Description of the task
Everything from the line containing "家住晓阳村的贫困户戢运俊,因" through the last line of the listing below should be returned exactly, except for pictures.

Recorded data
---------------

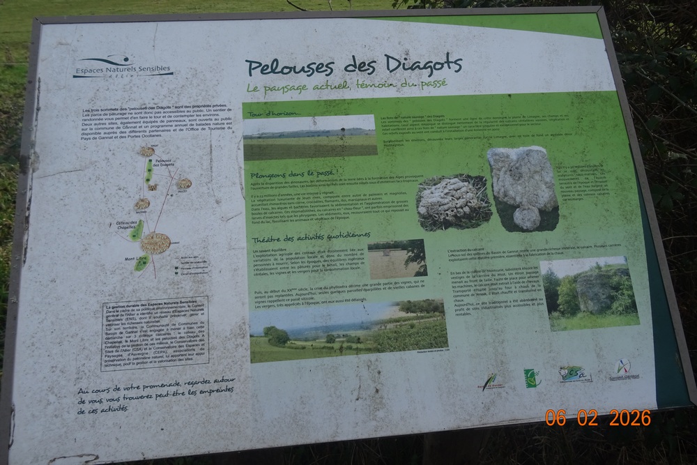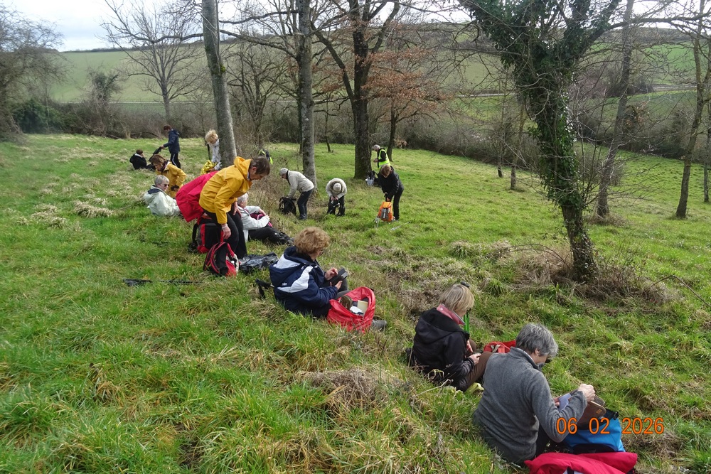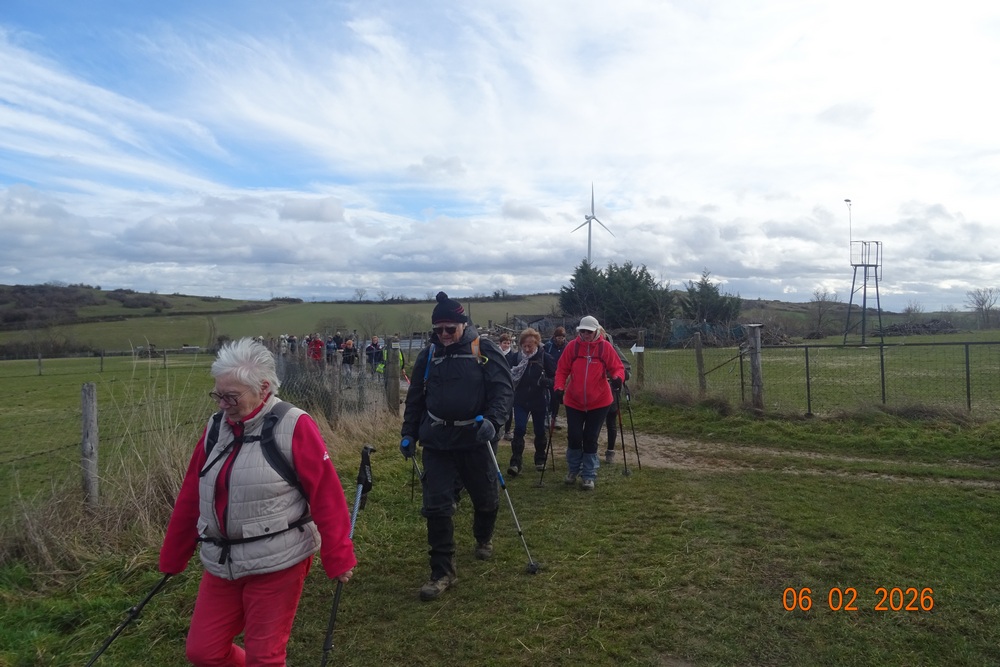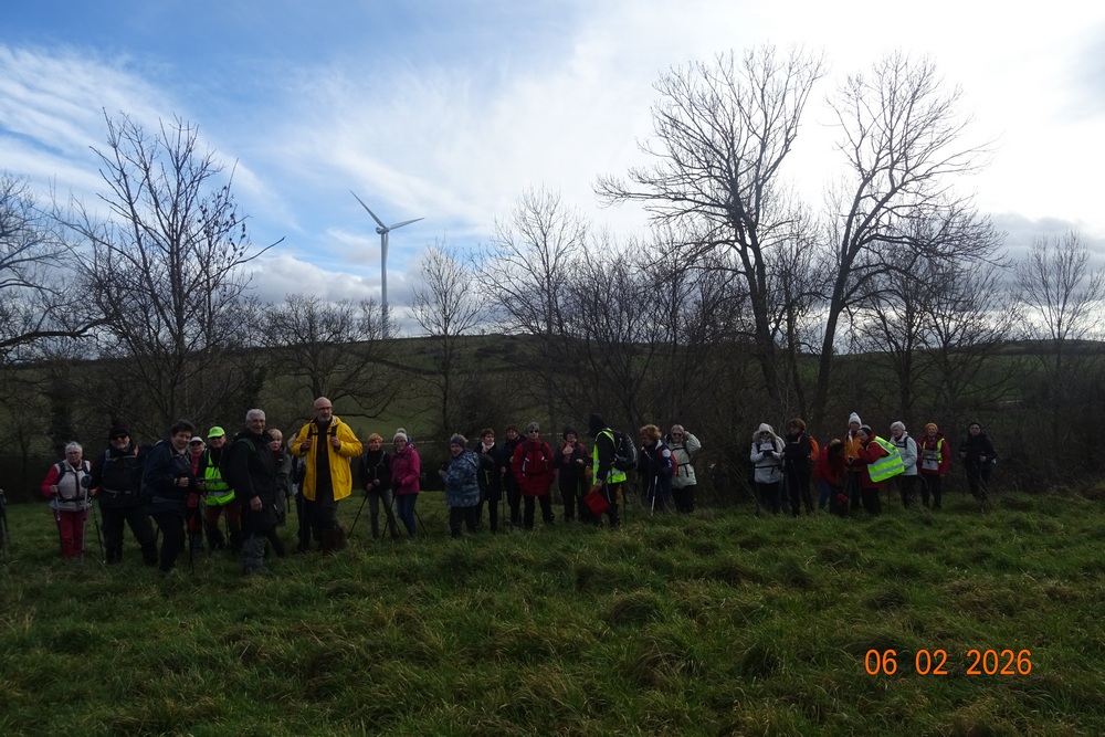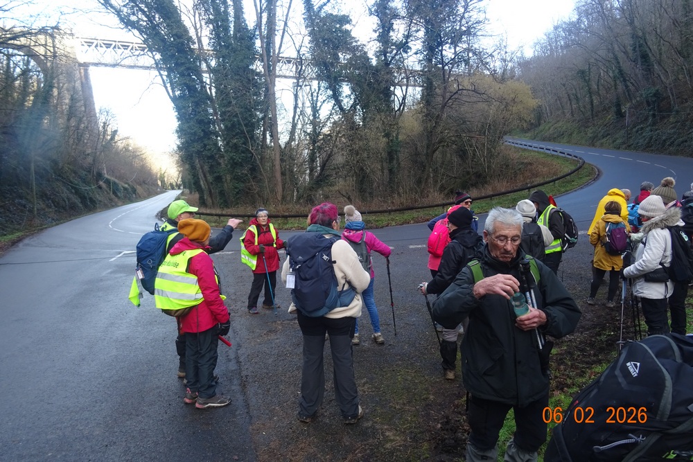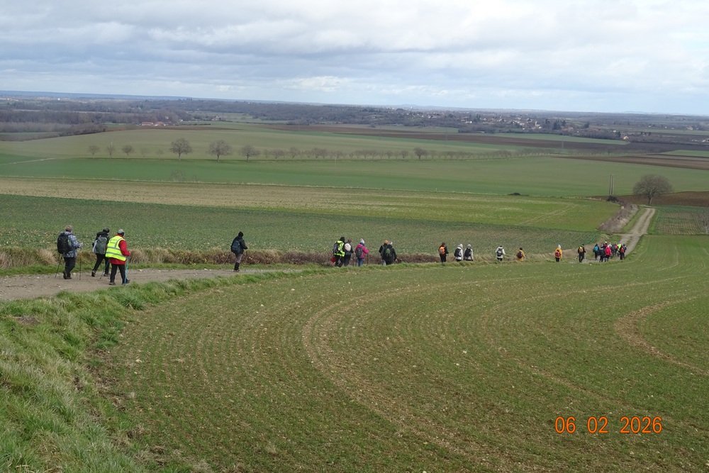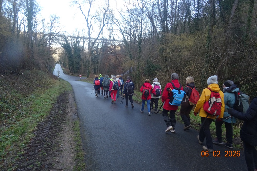 Par mesure de sécurité, le groupe de scinde en deux pour suivre la D 37 jusqu‘au pont. Après regroupement, le parcours emprunte le chemin longeant la voie ferrée, passe devant le Centre de Loisirs, traverse une route et nous amène à l’endroit de la pause déjeuner : bien que rudimentaire, chacun trouve une place à sa convenance ; adossés à un talus, nous profitons d’un beau panorama.
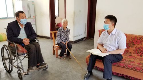 家住晓阳村的贫困户戢运俊,因下肢瘫痪丧失劳动力,家里还有82岁的老母亲,女儿在城里打工,他平时还坚持找一些力所能及的事来做。纪道清到贫困户戢运俊家中走访,详细询问残疾人补贴、失地农民保险、低保等政策落实情况,帮他们家算起收入账。纪道清对戢运俊身残志坚的精神表示肯定,并鼓励他要乐观向上,自力更生,把日子越过越好。
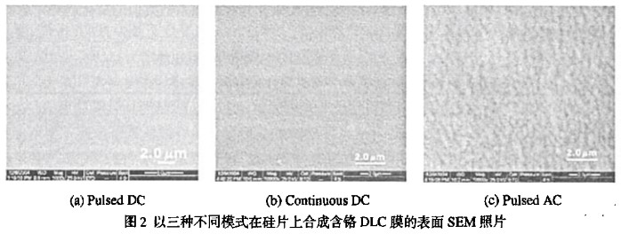 圖2顯示以三種不同模式在硅片上DLC膜的表面SEM照片,從圖中可以看出,在三種模式下合成DLC膜的表面形貌差異很大。在類似沉積條件下,脈沖模式下形成薄膜表面更加平滑,在脈沖DC模式下最為平滑。薄膜平均表面粗糙度Ra的測(cè)量值和觀測(cè)結(jié)果一致,在連續(xù)DC模式下薄膜Ra為25nm,脈沖AC模式下的是10nm,而在脈沖DC模式下的是4nm。
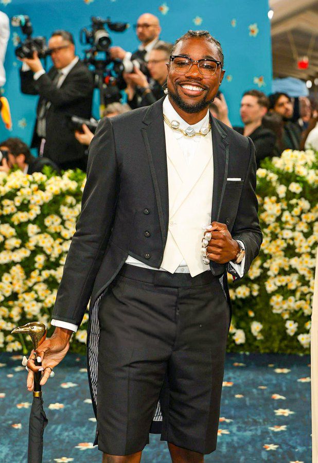 Olympic 100m champion Noah Lyles arrived in a tailored black suit, paired unexpectedly with shorts, tall socks, and a statement cane.

---------------

Output for this exercise
 家住晓阳村的贫困户戢运俊,因下肢瘫痪丧失劳动力,家里还有82岁的老母亲,女儿在城里打工,他平时还坚持找一些力所能及的事来做。纪道清到贫困户戢运俊家中走访,详细询问残疾人补贴、失地农民保险、低保等政策落实情况,帮他们家算起收入账。纪道清对戢运俊身残志坚的精神表示肯定,并鼓励他要乐观向上,自力更生,把日子越过越好。
 圖2顯示以三種不同模式在硅片上DLC膜的表面SEM照片,從圖中可以看出,在三種模式下合成DLC膜的表面形貌差異很大。在類似沉積條件下,脈沖模式下形成薄膜表面更加平滑,在脈沖DC模式下最為平滑。薄膜平均表面粗糙度Ra的測(cè)量值和觀測(cè)結(jié)果一致,在連續(xù)DC模式下薄膜Ra為25nm,脈沖AC模式下的是10nm,而在脈沖DC模式下的是4nm。
 Olympic 100m champion Noah Lyles arrived in a tailored black suit, paired unexpectedly with shorts, tall socks, and a statement cane.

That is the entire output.